Yes, I googled it and indeed found a paper about neutropenia being sometimes observed within 7-14 following vaccinations in general. But if this is what's behind the entire argumentation against covid vaccine, then the reasoning is moot since CDC considers people to be fully vaccinated only two weeks after the 2nd shot, and advises people to behave as if they were unvaccinated before that. So people "walking around and getting infected" within 14 days is a problem created by people's behavior, not by the vaccine. Of course the other important point is to know if unvaccinated people that get infected by covid also develop neutropenia and lymphocytopenia.
If I'm reading this right, the thesis here is that vaccines are responsible for mutations because increased number of mutations on spike protein sequence targeted by the vaccine.
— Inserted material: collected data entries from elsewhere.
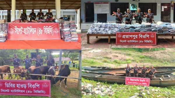 সিলেটের কথা ::: হবিগঞ্জ জেলার সীমান্ত এলাকায় আটটি পৃথক অভিযান চালিয়ে প্রায় দেড় কোটি টাকার ভারতীয় চোরাই পণ্য জব্দ করেছে বর্ডার গার্ড বাংলাদেশ (বিজিবি-৫৫)। গত বুধবার (১৭ সেপ্টেম্বর) রাতে বিষয়টি
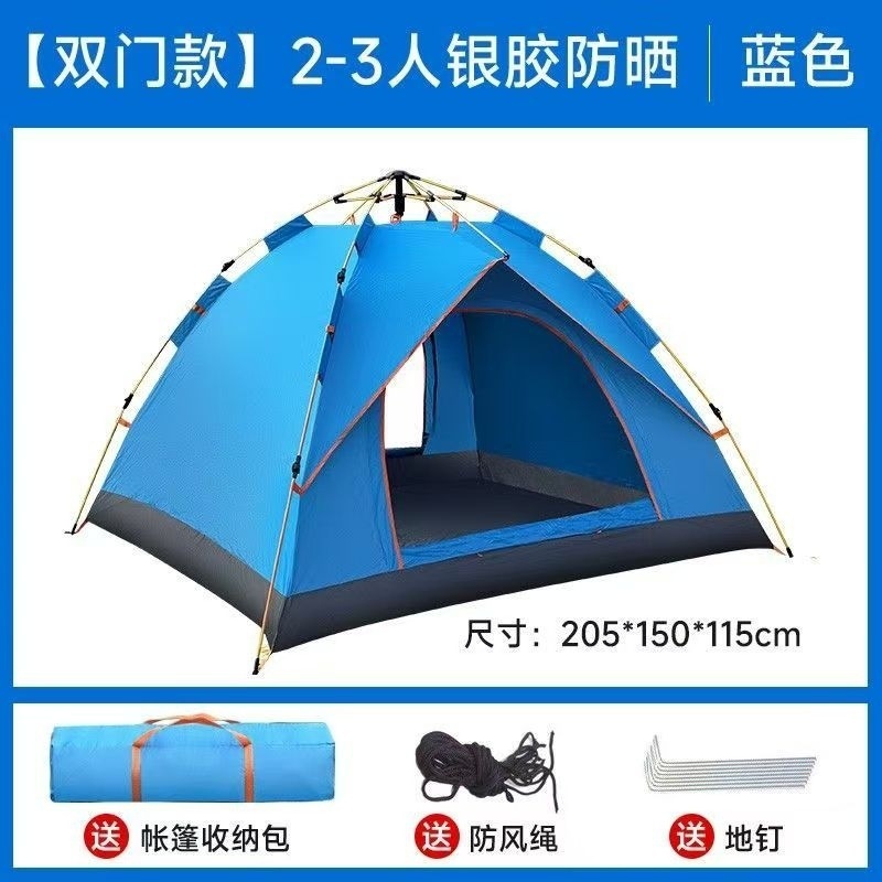 [Классический] Автоматическая складная палатка с двойной дверью на 2-3 человека. Синий
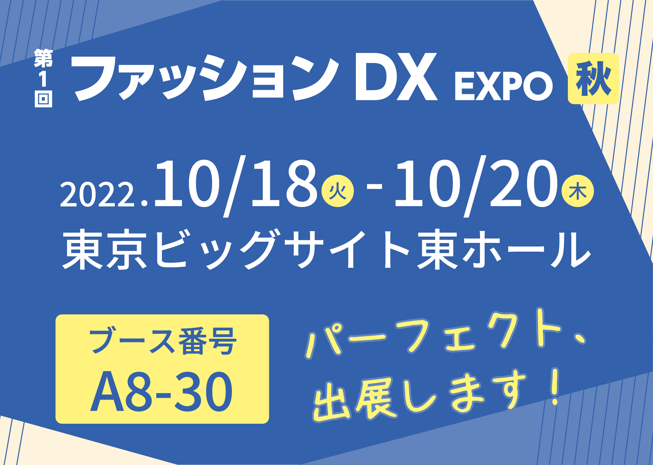 日本・東京(2022年10月3日)- ARおよびAI技術を活用したソリューションサービスを提供し、ファッション業界でデジタルトランスフォーメーション(DX)を奨励するパーフェクト株式会社は、2022年10日18(水)~20日(木)に東京ビックサイトで開催される「第1回 ファッション DX EXPO 秋」へ出展致します。
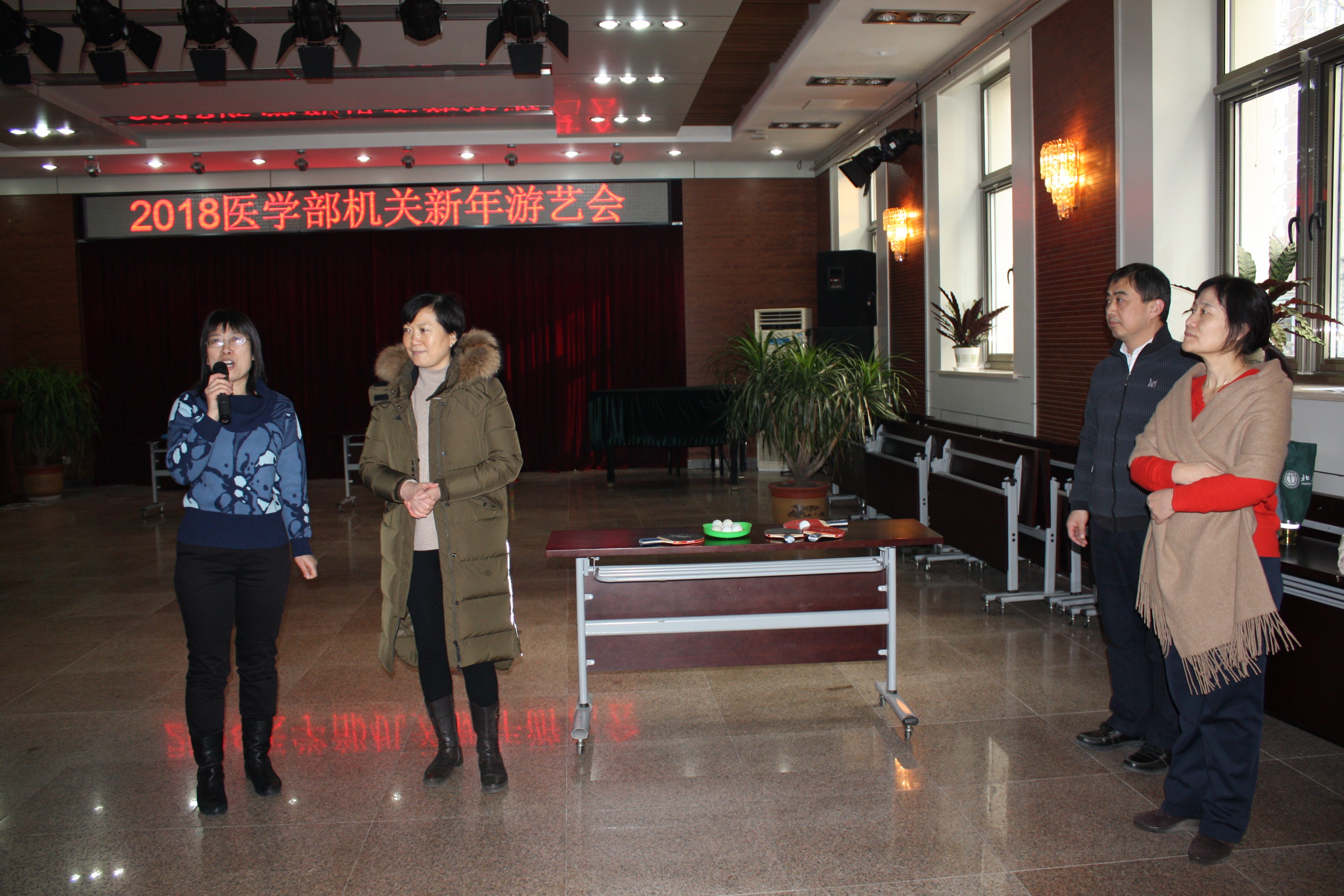 为了迎接2018新年的到来,机关党委、机关工会于20171229日下午,在医学部工会活动中心举办了机关职工新年游艺会。医学部党委副书记徐善东、纪委书记范春梅、医学部工会常务副主席刘穗燕、副主席王军波、机关党委书记郭艾花及部分机关部处、直属单位的领导和职工300余人参加了游艺会,游艺会由机关工会主席刘文玲主持。
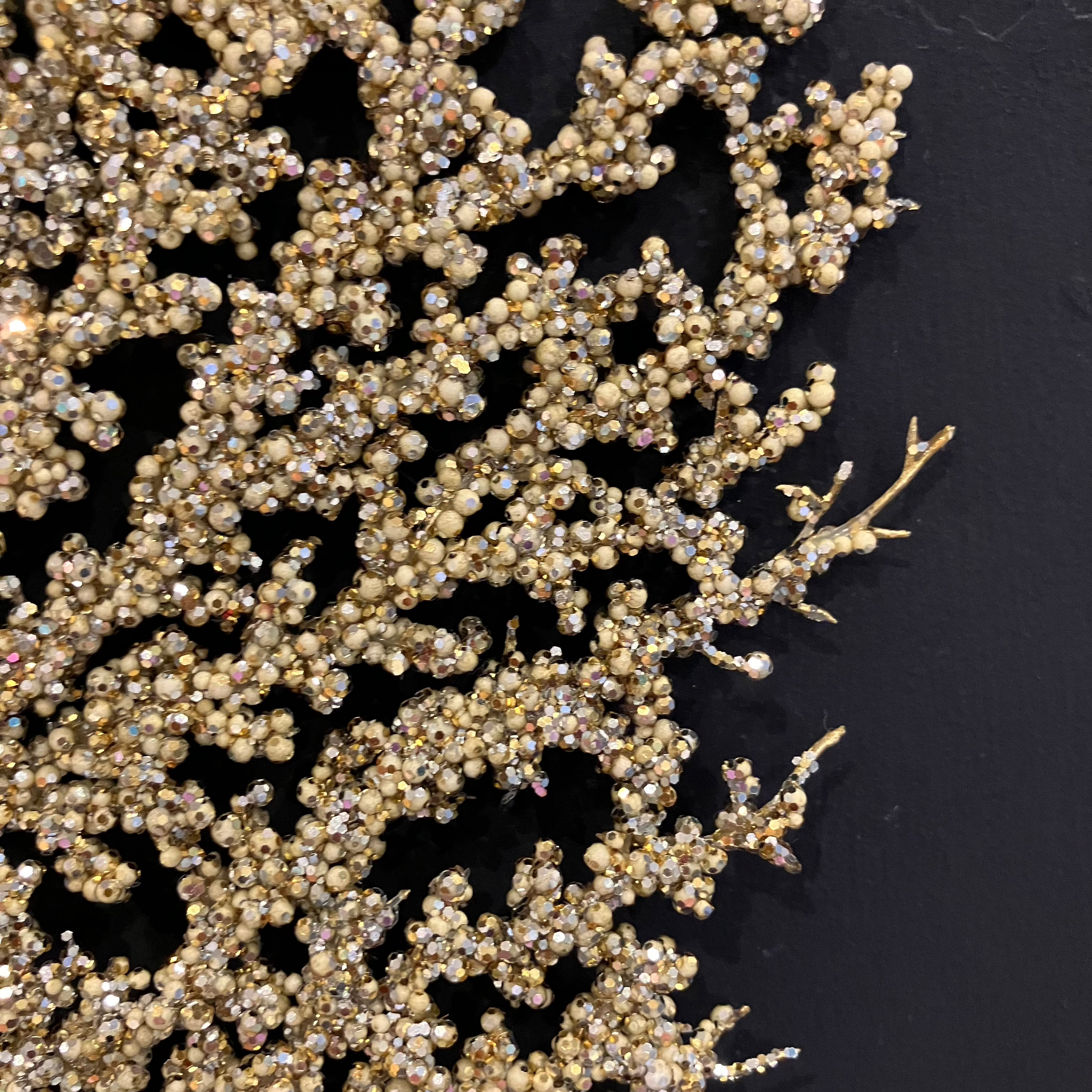 This Champagne Glitter Coral Spray sparkles in your holiday decorations. Its champagne colour, glimmering glitter, and naturally beautiful shape will add a festive twinkle to any room. Perfect for Christmas trees, wreaths, or garlands.

That is some high grade anti-vax fuel. Have you considered survivorship bias and why not?
I'd start with Directed Evolution Part 1. Vaccines are not responsible for the mutations directly. They alter the selective pressure such that viruses that have spike mutations become more prevalent than the Wuhan wild type strains that contain spike proteins the vax was designed from. Secondly, they lower white blood cells required to fight viral infections so the evolutionary experiment kicks into over drive. I've worked in a lab for 25 years and am vaccinated for everything but C19. Divisive binary pro vs anti ad-hominens will be deleted. As for survivorship bias, thats spelled out here - https://youtu.be/guMqyrmni4I
My understanding is that the delta variant spreads faster and escapes neutralizing antibodies even in unvaccinated individuals. Is there any reason to doubt that it would be the predominant strain even if everyone was unvaccinated?
Yes. The innate immunity active in unvaccinated individuals is by nature non-specific, and allows a variety of mutations to coincide in a given population. This is what we saw during the first year of the pandemic. The dominance of vocs did not begin occurring until last fall, when vaccine trials and rollouts were initiated on a large scale, placing selective pressure on the virus (see graphs in this clip: https://youtu.be/B_Z_ezKnCsc).
Geert explains selection pressure here, beginning at 34:45.
https://youtu.be/qP31cfD3YOY
Isn't it so that right now a resourceful scientist can take existing variants and cultivate a newer mutation for higher virulence and other undesirable characteristics?
Is it even possible to distinguish between lab-directed mutations vs population level selective pressure directed mutations?